Every line from the first record below down to the line that includes "China (cm) 160-165/84-86" must be reproduced exactly; the pictures are not.

[Start of section]

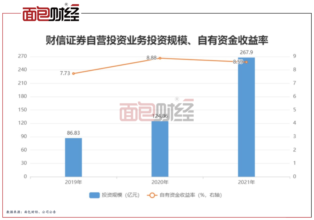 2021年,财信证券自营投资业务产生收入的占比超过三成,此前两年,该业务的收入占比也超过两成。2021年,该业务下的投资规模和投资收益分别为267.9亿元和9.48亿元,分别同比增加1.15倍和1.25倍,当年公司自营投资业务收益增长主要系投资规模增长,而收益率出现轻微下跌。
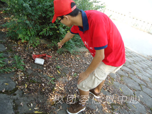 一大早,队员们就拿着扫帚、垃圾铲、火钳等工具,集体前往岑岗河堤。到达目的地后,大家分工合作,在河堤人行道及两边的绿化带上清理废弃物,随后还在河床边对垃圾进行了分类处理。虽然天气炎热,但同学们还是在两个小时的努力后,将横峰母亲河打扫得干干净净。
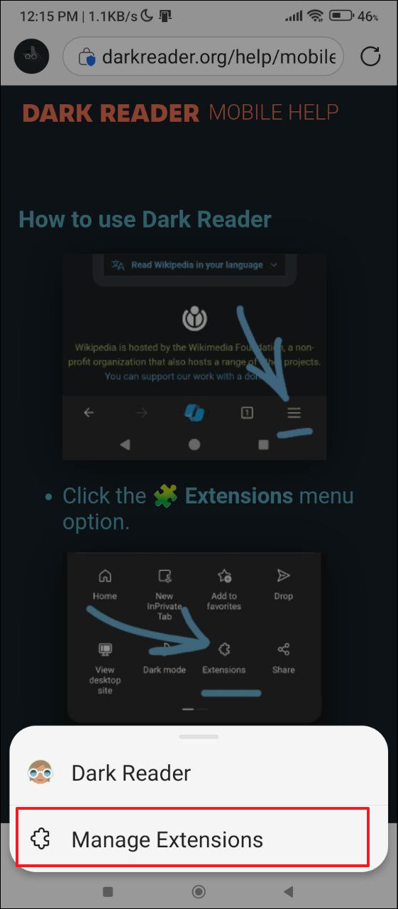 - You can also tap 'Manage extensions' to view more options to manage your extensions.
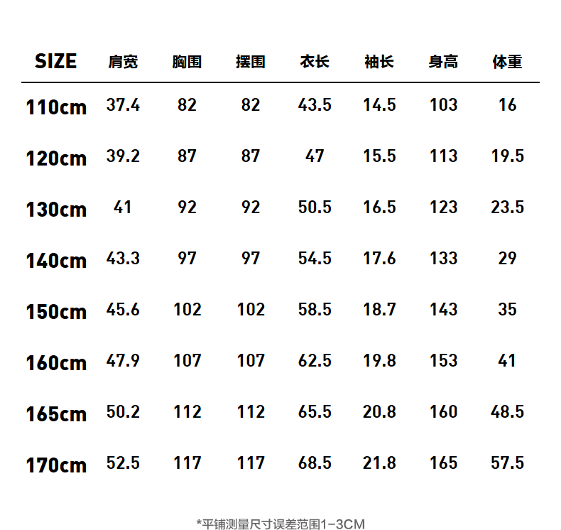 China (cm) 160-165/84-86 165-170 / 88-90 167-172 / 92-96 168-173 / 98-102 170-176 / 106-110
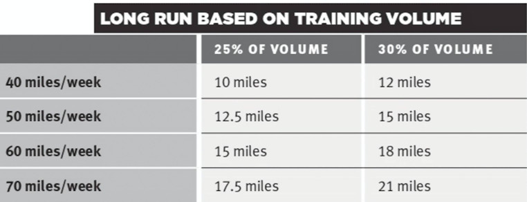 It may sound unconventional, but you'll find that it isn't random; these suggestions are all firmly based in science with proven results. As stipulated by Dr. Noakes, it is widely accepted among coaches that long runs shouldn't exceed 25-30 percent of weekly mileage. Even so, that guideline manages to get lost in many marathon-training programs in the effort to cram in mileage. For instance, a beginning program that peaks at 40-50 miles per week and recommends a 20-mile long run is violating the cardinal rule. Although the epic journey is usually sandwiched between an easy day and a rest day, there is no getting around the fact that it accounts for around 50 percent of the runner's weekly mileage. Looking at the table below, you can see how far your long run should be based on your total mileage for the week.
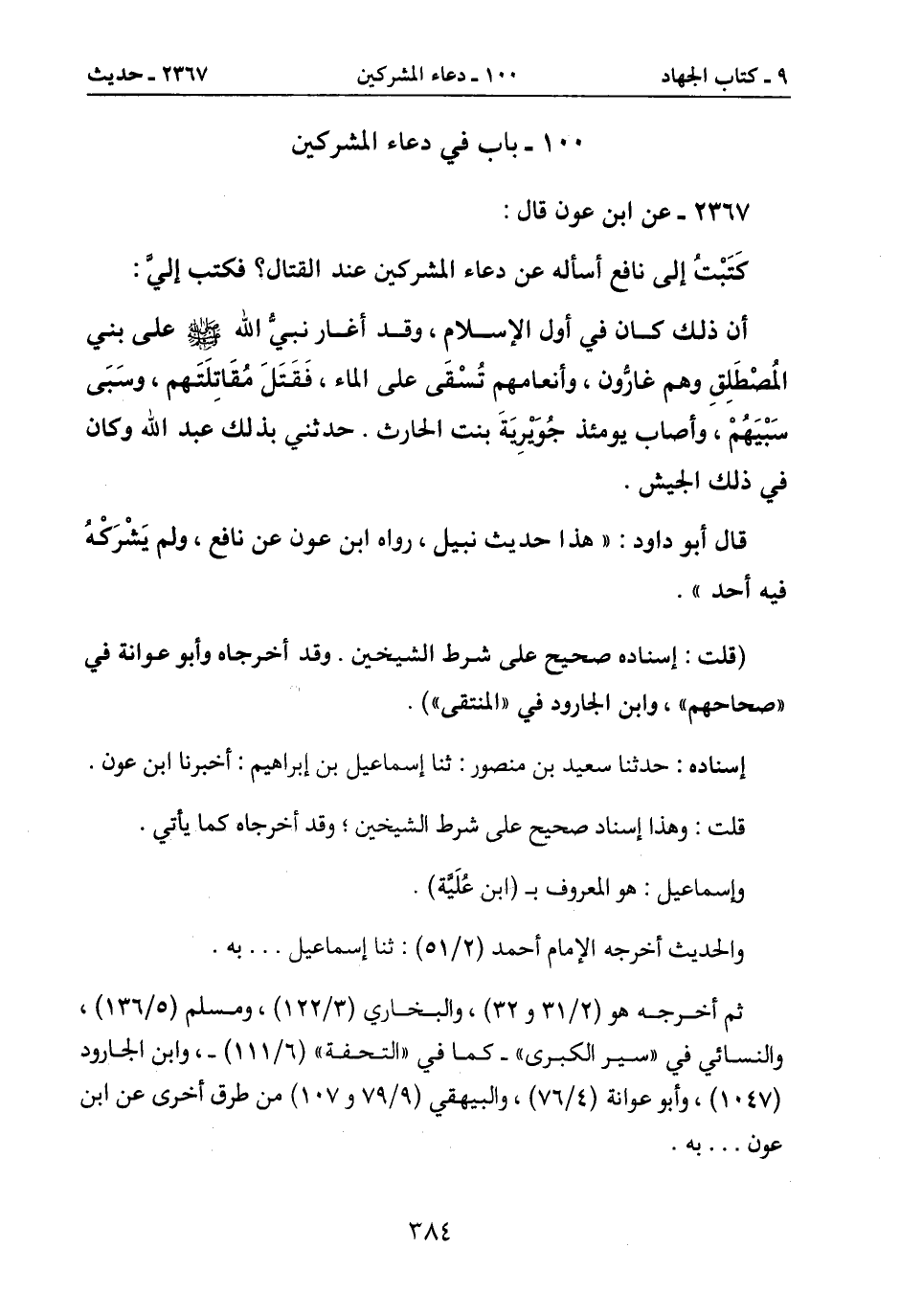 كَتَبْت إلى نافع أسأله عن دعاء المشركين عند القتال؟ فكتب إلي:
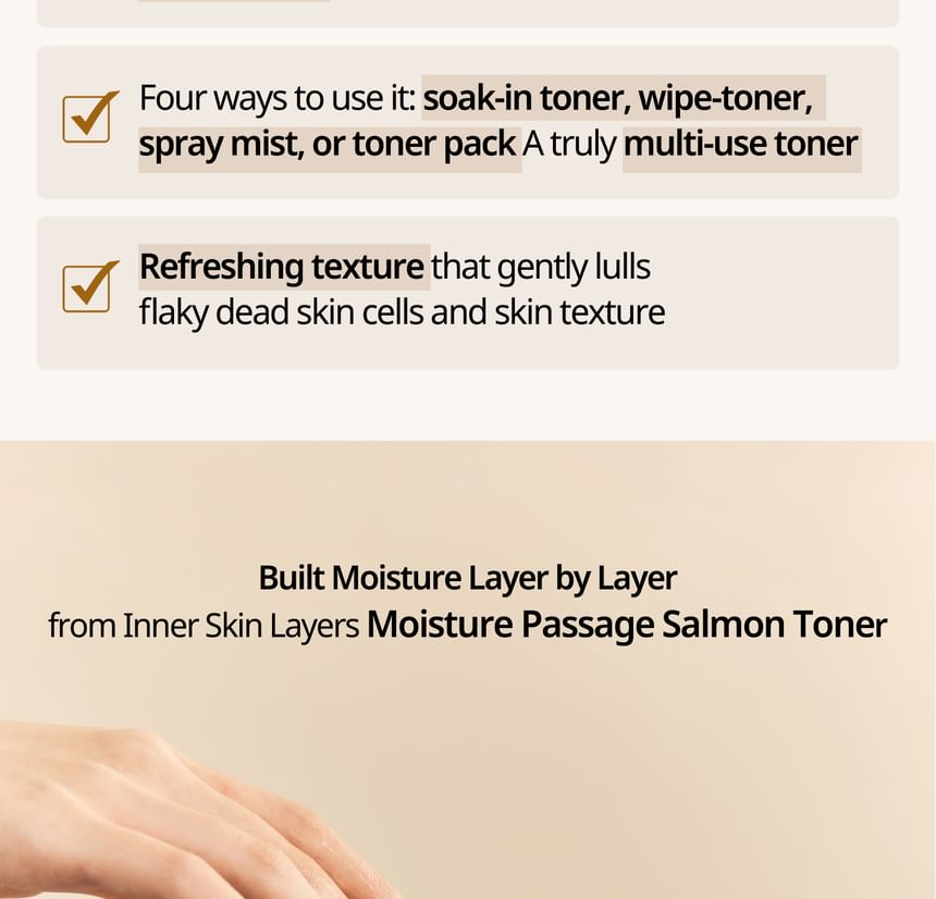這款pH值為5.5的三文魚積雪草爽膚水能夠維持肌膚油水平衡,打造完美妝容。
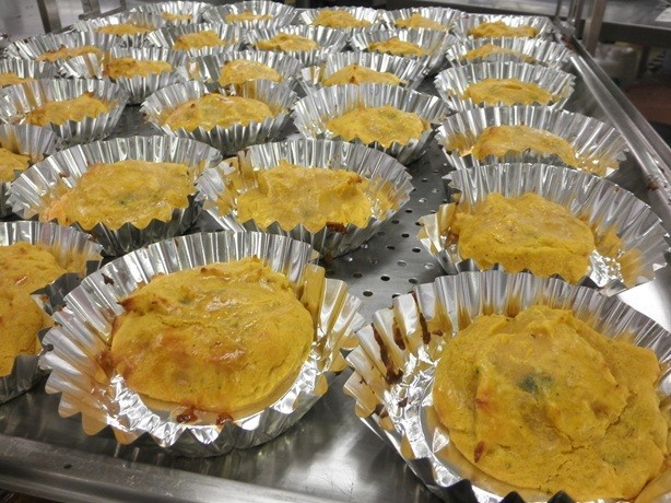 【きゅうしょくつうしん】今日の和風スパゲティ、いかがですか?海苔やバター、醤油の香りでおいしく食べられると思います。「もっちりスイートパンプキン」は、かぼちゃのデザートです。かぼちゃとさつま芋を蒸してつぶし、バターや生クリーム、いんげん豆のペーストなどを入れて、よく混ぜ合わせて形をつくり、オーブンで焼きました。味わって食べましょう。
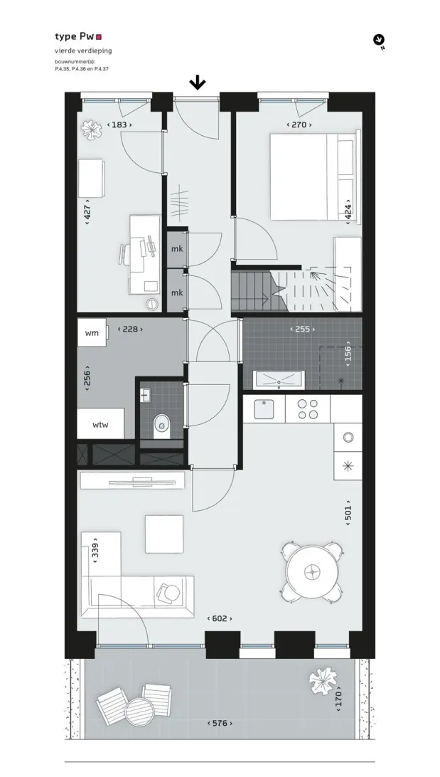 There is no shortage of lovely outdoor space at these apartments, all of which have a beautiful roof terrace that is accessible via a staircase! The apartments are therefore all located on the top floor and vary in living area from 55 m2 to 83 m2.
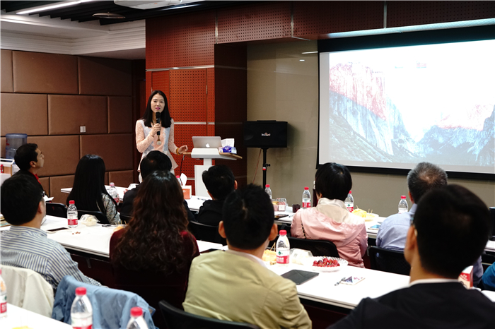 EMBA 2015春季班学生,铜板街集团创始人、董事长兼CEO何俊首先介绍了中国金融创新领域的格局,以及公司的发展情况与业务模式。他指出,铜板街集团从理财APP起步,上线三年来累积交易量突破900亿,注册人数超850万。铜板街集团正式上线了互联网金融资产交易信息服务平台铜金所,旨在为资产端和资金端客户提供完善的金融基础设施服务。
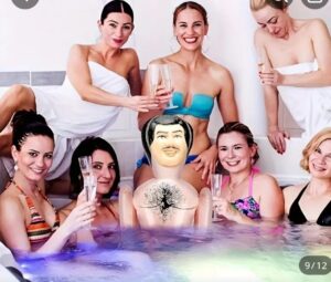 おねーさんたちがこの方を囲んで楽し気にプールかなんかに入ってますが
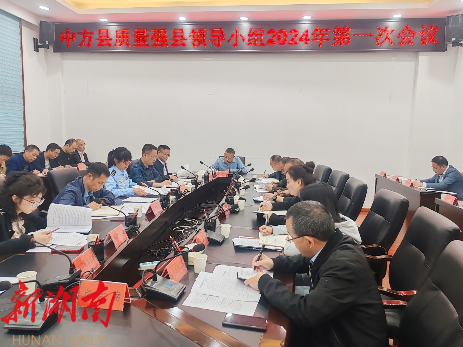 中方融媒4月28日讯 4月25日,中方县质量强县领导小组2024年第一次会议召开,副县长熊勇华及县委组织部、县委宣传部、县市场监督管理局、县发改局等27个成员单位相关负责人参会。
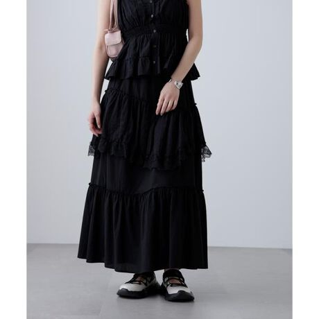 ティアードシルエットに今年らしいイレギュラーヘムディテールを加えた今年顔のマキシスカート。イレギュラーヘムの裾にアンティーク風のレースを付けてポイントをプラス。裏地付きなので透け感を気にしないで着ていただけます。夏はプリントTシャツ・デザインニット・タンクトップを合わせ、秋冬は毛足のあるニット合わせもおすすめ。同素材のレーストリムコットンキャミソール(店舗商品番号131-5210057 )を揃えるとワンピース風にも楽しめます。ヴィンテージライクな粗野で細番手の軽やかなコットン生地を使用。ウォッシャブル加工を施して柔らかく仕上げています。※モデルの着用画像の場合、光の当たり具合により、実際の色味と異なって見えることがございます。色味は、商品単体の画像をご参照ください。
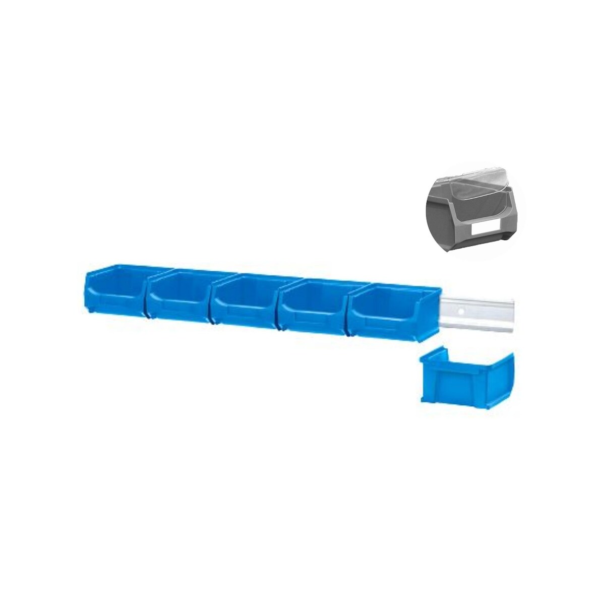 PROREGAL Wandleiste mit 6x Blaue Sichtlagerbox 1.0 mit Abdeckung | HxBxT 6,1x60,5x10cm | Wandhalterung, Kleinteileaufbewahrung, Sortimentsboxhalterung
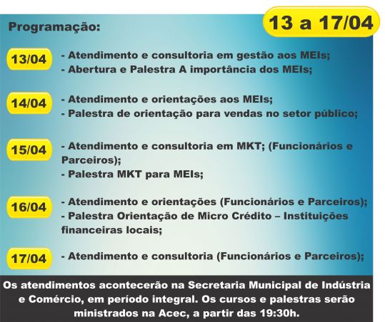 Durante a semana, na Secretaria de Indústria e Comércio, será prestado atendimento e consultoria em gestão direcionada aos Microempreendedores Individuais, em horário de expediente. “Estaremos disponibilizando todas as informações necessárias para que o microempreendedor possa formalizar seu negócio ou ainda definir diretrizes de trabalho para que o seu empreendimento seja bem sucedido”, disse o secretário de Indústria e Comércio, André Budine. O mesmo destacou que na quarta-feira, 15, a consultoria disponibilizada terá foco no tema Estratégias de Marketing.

[End of section]

» YOUR RESPONSE
 2021年,财信证券自营投资业务产生收入的占比超过三成,此前两年,该业务的收入占比也超过两成。2021年,该业务下的投资规模和投资收益分别为267.9亿元和9.48亿元,分别同比增加1.15倍和1.25倍,当年公司自营投资业务收益增长主要系投资规模增长,而收益率出现轻微下跌。
 一大早,队员们就拿着扫帚、垃圾铲、火钳等工具,集体前往岑岗河堤。到达目的地后,大家分工合作,在河堤人行道及两边的绿化带上清理废弃物,随后还在河床边对垃圾进行了分类处理。虽然天气炎热,但同学们还是在两个小时的努力后,将横峰母亲河打扫得干干净净。
 - You can also tap 'Manage extensions' to view more options to manage your extensions.
 China (cm) 160-165/84-86 165-170 / 88-90 167-172 / 92-96 168-173 / 98-102 170-176 / 106-110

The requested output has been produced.